Figure 3 presents the same analysis, but it is limited just to the nonreligious. Figure 3 is substantially different from Figure 2. The first notable difference in scores is that, for the nonreligious, sexual and gender categories are much less important than are religious categories. For instance, heterosexual Christians and Muslims are viewed substantially less favorably than are homosexual atheists and nonreligious individuals. Certainly sexual and gender identities still matter, but religious affiliation is a more influential characteristic for the nonreligious than it is for the religious. However, this may be because nonreligious individuals simply have less prejudice against sexual and gender minorities, which can also be seen in comparing Figures 2 and 3. At a very basic level, the range of scores is interesting. In Figure 2, the lowest rated intersected identity, Transgender Muslim Individuals, has a mean score of 57.91, almost 20 points lower than the mean score for the same identity in Figure 3. In other words, the religious people in our sample held substantially more negative views toward some categories of people than did the nonreligious individuals.
One of the problems with trying to examine intersectionality quantitatively is that you end up with lots of variables or categories in variables. We thus sought to further examine whether or not it was possible to reduce the number of variables. While this may appear counter to intersectional premises on the surface, it allows us to – as Collins (1990; 2005) suggests – explore both the unique variations created by intersectional categories (as shown above), and the most salient dimensions facilitating unequal outcomes for people occupying varied social locations (see also Grollman (2012) on Multiple Disadvantage patterns revealed via prominent intersectional effects in relation to health). As such, we utilize factor analysis to visually demonstrate the most prominent intersections of power facilitating variation in respondents’ interpretations of religious and nonreligious people of different sexual and gender identifications (see also Browne & Misra 2003).
The use of factor analysis makes it easier to identify prominent intersections or categorical distinctions respondents make when considering variations in religious, gender, and sexual identifications. To this end, we took the twenty intersectional gender, sexuality and religious identifications, and factor analyzed them using principle components factor analysis with Varimax rotation and Kaiser normalization. Table 4 presents the results of these analyses for all participants in our sample.

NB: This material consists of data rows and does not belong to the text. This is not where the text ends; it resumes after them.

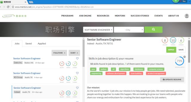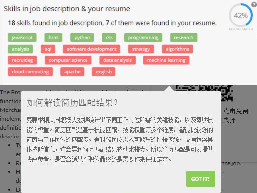 又是一年的毕业季! 有人说,毕业季也是离别季…… 曾经的同窗,如今各奔东西。 迫于升学的紧迫, 迫于初出象牙塔的现实压力, 我们焦虑, 我们迷茫, 我们也彷徨…… 作为毕业生的你, 是否已经拿到了心仪学校的offer? 还是已经进入了梦寐以求的公司开始了真正的“大人”的生活? 是还在迷茫不知如何开始寻找工作机会, 还是手握EAD Card 却迟迟等不来工作offer? 又或者因为只有一年的OPT而始终无法找到身在异乡的“归属感”…… 无论你现在身处何方, 无论你是哪种境况, 今天小编就把私藏的找工作小秘密分享给你们~ 机密 总说找工作找工作, 那我应该去哪儿找呢? 作为应届毕业生,小编也跑过很多大大小小形形色色的Career Fair和校内的Info Session, 俗称校招。 可是social了一轮又一轮, elevator pitch 说了几十遍…… 然并卵…… 一百多家公司,也许只有十几家愿意招国际生。十几家里面有可能仅有几家愿意sponsor。 曾经以为前途是光明的, 要毕业了才发现,原来道路真真是曲折的。 困难那么多, 难道就不找了吗?? 留学生群体那么庞大, 难道就没有我们的容身之地用武之地吗? 作为LinkedIn的狂热粉, 小编之前刷LinkedIn的招聘信息简直比刷朋友圈都要勤快了。 可是简历也投了, 电话也聊了, 有的甚至面试了都两轮了…… 一提到sponsor,就we are sorry了…… 又或者, 可能第一轮简历筛选就拜拜了…… 积极一点地想, 我锻炼了自己,积累了经验。 可内心os就是—— “这不是瞎耽误功夫嘛”! 真想要一个“小秘“!!! 请她帮我筛选一遍招聘信息 也能帮我匹配简历, 助我找出缺失的信息和关键技能。 贴心的蔓藤团队仿佛会读心术! 这不,Job Engine 职业引擎 3.0 版就是我们大家的“小秘书”啦。 Job Engine 职业引擎是为留学生量身定做的招聘信息搜索引擎。 集合全网的招聘信息, 经过大数据筛选和比对, 融合了人工智能和机器学习的先进技术, 成为我们找工作的“小秘书”。 目前最大的招聘信息搜索库indeed 小编也使用过, 信息固然丰富,但是也“杂”。 大海捞针可要捞好一会儿呢。 而Job Engine 职业引擎最吸引小编的两大特点—— 大概就是筛选和匹配分析的功能了。 通过键入关键字或者job title, 系统会从全网抓取信息, 经过筛选招聘信息, 分析得出每则信息的职业发展前景、过去招聘国际生的情况以及同行业薪资优势等进行评分。 通过比对简历, 匹配job description 得出匹配程度和软硬技能方面的重合以及欠缺。 听不懂? 那就看图说话吧: 比如一份cs专业的同学的简历上传搜索后如上图所示。 左侧: 红色代表起薪在同行业同领域工作中的优势。 蓝色代表公司往年sponsor 工作签证的情况和数量。 绿色代表本职位的发展前景。 选中每则信息后, 右侧的分析结果会告诉我们上传的简历与工作要求的匹配程度。 技能方面,比对过招聘信息后:标出绿色的技能是简历里面有的,红色的是简历里面欠缺的。 不知道你是不是也听说过, 许多big company第一轮筛简历就是这种类似的关键词搜索。 知道你为什么第一轮就拜拜了么? 很可能是关键词不够精确和全面造成了系统筛选过后的不匹配。 机密 想要成为那个matched candidate嘛? 再教你一招! 投简历以前, 可以根据系统的提示以及重新研读招聘信息, 根据招聘要求, 再重新修改补充简历。 要知道,很多技能和经历你本来是具备的, 可能只是不会表达而已。 小编不禁再次感叹“科技造福人类啊” 但是,俗话说得好, ”师傅领进门,修行靠个人“! 如果还不放心或者有任何的问题, 扫描下方的二维码, 即可接入贴心的人工客服小姐姐为你介绍详情哦 还可以领取价值300刀的求职大礼包 小蔓 添加了解更多项目详情 帮大家拿Offer的小蔓 工作怎么找的小秘密小编已经分享给你们了。 至于简历怎么改,Cover Letter 怎么写? 又或者面试里如何表现自己? 内推机会怎么要? 欠缺的知识技能如何亡羊补牢? 这些问题,请关注我们的微信公众平台或者添加小蔓和小锥的微信解惑哦! 如需转载请在后台留言 排版:Ada
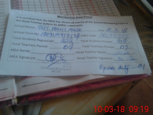 | Attendance Register | Head Teacher | MEA with School | Visit Proof |
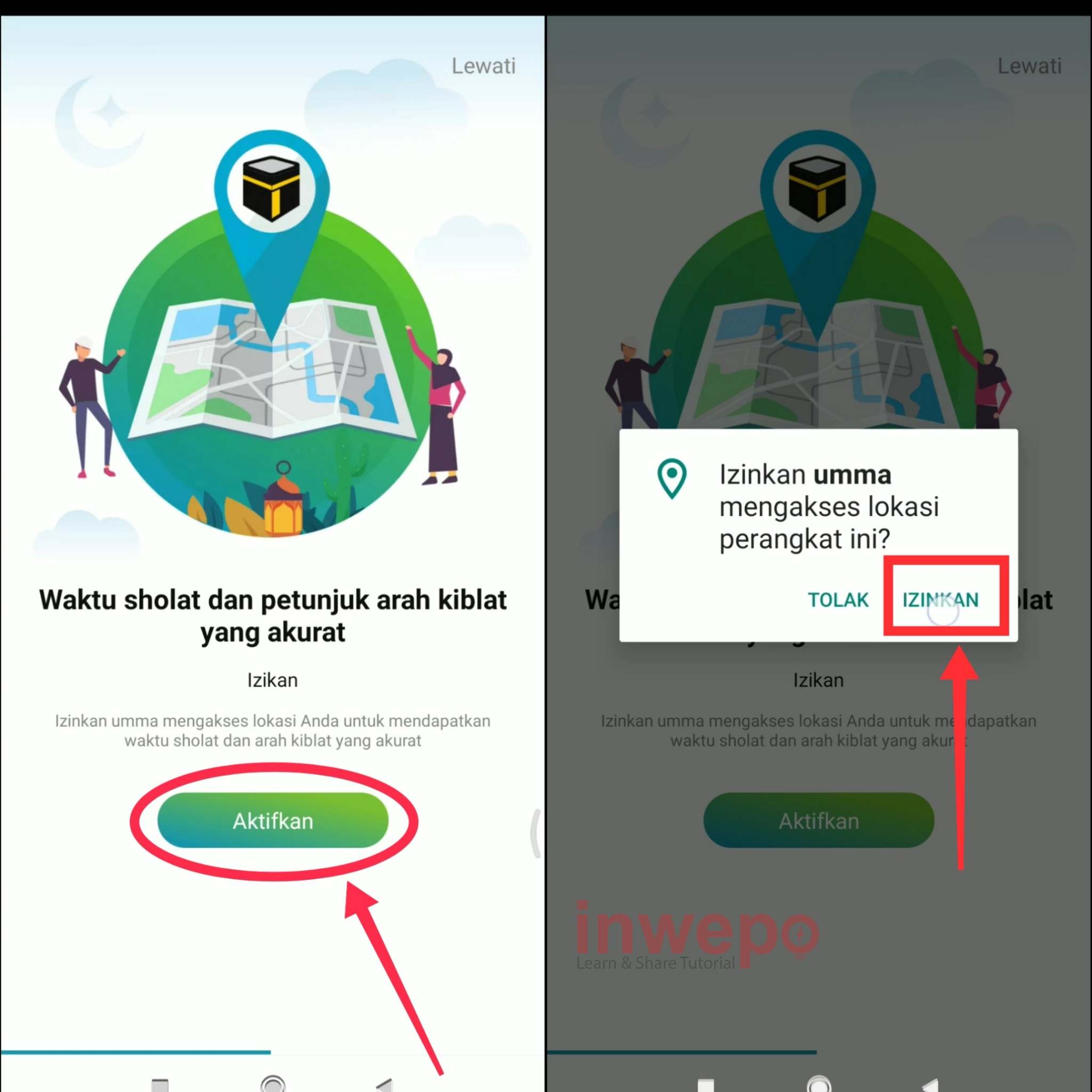 2. Langkah kedua, buka aplikasi Umma lalu tap menu Aktifkan kemudian tap menu Izinkan untuk memberi izin akses pada aplikasi.
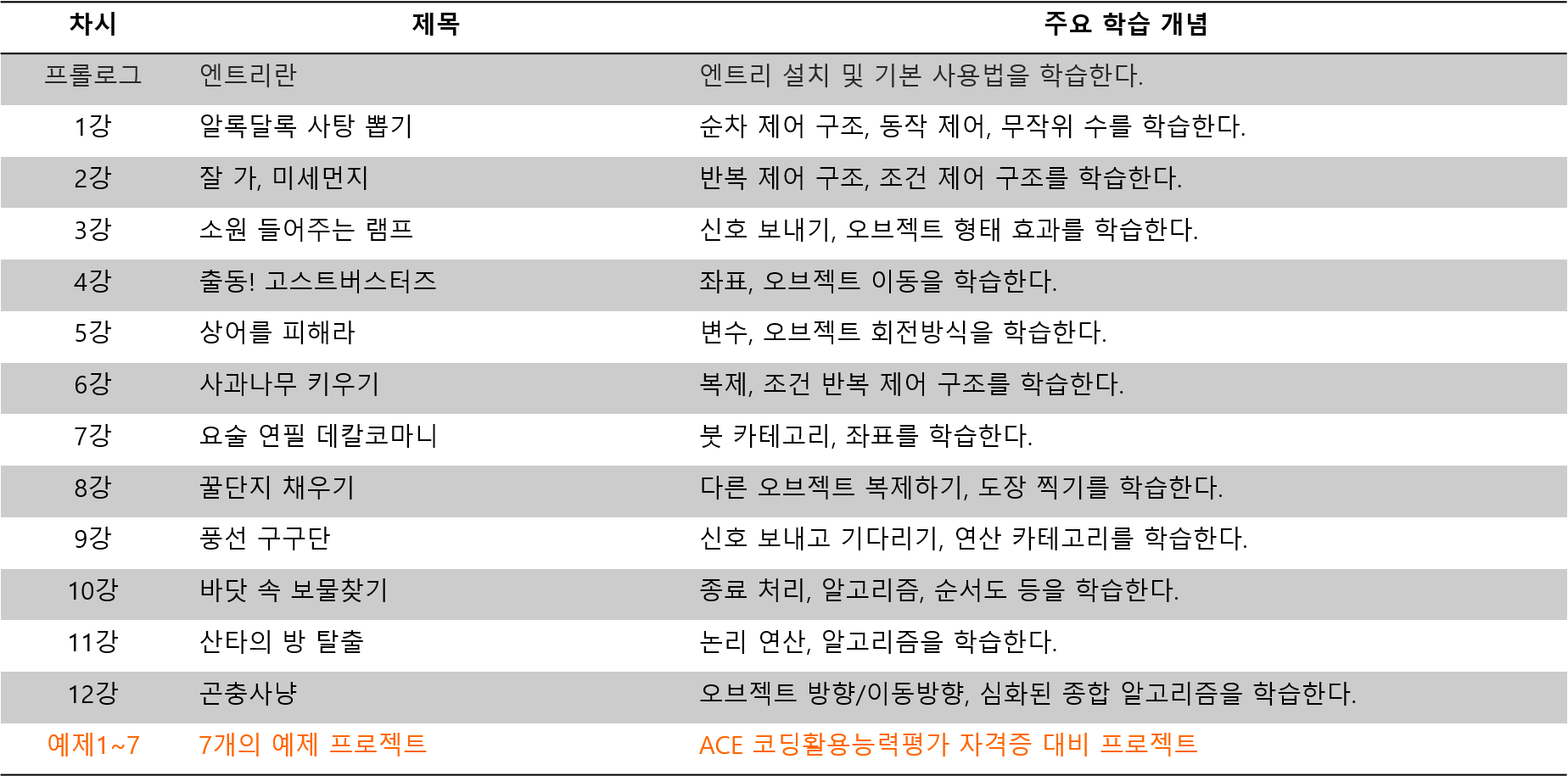 - 활용교안 : 생각팡팡 코딩교실 with 엔트리 12강 분량을 압축하여 진행
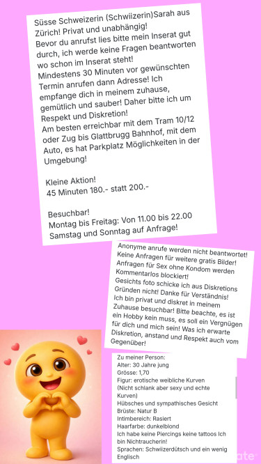Mein Inserat ist nur für Herren die sich gegenüber einer Dame zu benehmen wissen.Genug von Fake Girls, dann setze auf Schweizer Qualität! Ich bin leidenschaftlich, offen, herzlich und immer gut gelaunt. Ich habe eine erotische, weibliche Figur (nicht schlank aber Kurven an den richtigen Stellen) mit schönem Naturbusen. Hast du Lust auf ein sinnliches und erotisches Abenteuer ohne Hektik? Dann bist du bei mir genau richtig! Du möchtest deinem Alltag und dem Stress für eine Weile entfliehen? Komm zu mir und sei mein Gast. Meine Massagen werden für Dich ein berauschendes Erlebnis der Sinne werden und ich verstehe es gut Dich zu verwöhnen und eine entspannte Atmosphäre zu schaffen. Ich liebe es dich mit meinem Mund und meinen Händen zu verwöhnen, aber auch ich genieße es verwöhnt zu werden. Ältere Herren sind auch herzlich Willkommen!
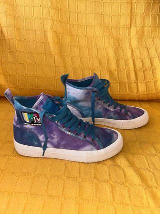 Zapatillas de caña alta, estilo converse, edición especial MTV con un diseño tie-dye único en tonos azules y morados, con el logo de MTV. - Estampado tie-dye. - Detalle del logo de MTV Music Television. - Muy poco uso, practicamente como nuevas. #converse

|Heterosexual Christian Individuals||–0.005||0.026||0.856|
|Heterosexual Jewish Individuals||0.094||0.276||0.820|
|Heterosexual Nonreligious Individuals||0.192||0.759||0.330|
|Heterosexual Atheist Individuals||0.247||0.787||0.288|
|Heterosexual Muslim Individuals||0.332||0.252||0.680|
|Homosexual Atheist Individuals||0.589||0.741||0.070|
|Homosexual Nonreligious Individuals||0.598||0.736||0.069|
|Homosexual Christian Individuals||0.608||0.574||0.261|
|Homosexual Jewish Individuals||0.627||0.619||0.192|
|Homosexual Muslim Individuals||0.671||0.531||0.274|
|Bisexual Nonreligious Individuals||0.736||0.576||0.042|
|Bisexual Atheist Individuals||0.744||0.567||0.040|
|Bisexual Christian Individuals||0.756||0.441||0.200|
|Bisexual Jewish Individuals||0.769||0.479||0.156|
|Bisexual Muslim Individuals||0.796||0.386||0.220|
|Transgender Atheist Individuals||0.888||0.308||0.034|
|Transgender Nonreligious Individuals||0.890||0.315||0.017|
|Transgender Muslim Individuals||0.922||0.203||0.195|
|Transgender Christian Individuals||0.927||0.186||0.179|
|Transgender Jewish Individuals||0.927||0.224||0.120|
Table 4 indicates that three underlying commonalities resulted from the factor analysis, though the first accounts for most of the variation, 67.54%. It is common practice in factor analysis to assume that only those variables with a factor loading above .29 (i.e., .30 or above) are part of a factor. Using that approach, sixteen of the twenty variables load on the first factor. However, we have included all of the factor loadings in Table 4 because they tell a very interesting story. The first variable in Table 4, Heterosexual Christian Individuals, has a factor loading (or eigenvalue) that is basically zero. In other words, it does not load on Factor 1 at all. Given what does load on Factor 1, an interpretation of the factor loading for Heterosexual Christian Individuals could be that Heterosexual Christian Individuals are basically seen in society as the gold standard for what is normal. The further you move away from “heterosexual” and “Christian,” the further you move away from the gold standard of “normal” and an eigenvalue of 0.00 on Factor 1. This begins, immediately, with the next variable, Heterosexual Jewish Individuals, who have an eigenvalue of .09. This is not typically a strong enough loading on a factor to consider that variable as part of the Factor, but because it is not zero, it does indicate this category is “different from normal.” Heterosexual Nonreligious Individuals have a factor loading of .192, which is even closer to inclusion in Factor 1, and further from “normal.” This, of course continues, all the way up to Transgender Jewish and Christian Individuals, with identical factor loadings of .927. According to our sample and given the intersected identities we presented, the most deviant identity statuses are actually Christians and Jews whose gender identities do not align with their socially assigned biological sexes. Factor 1 is basically a reflection of marginalization via distance from what Americans consider “normal” and could basically be called: “marginalized American intersected identities.”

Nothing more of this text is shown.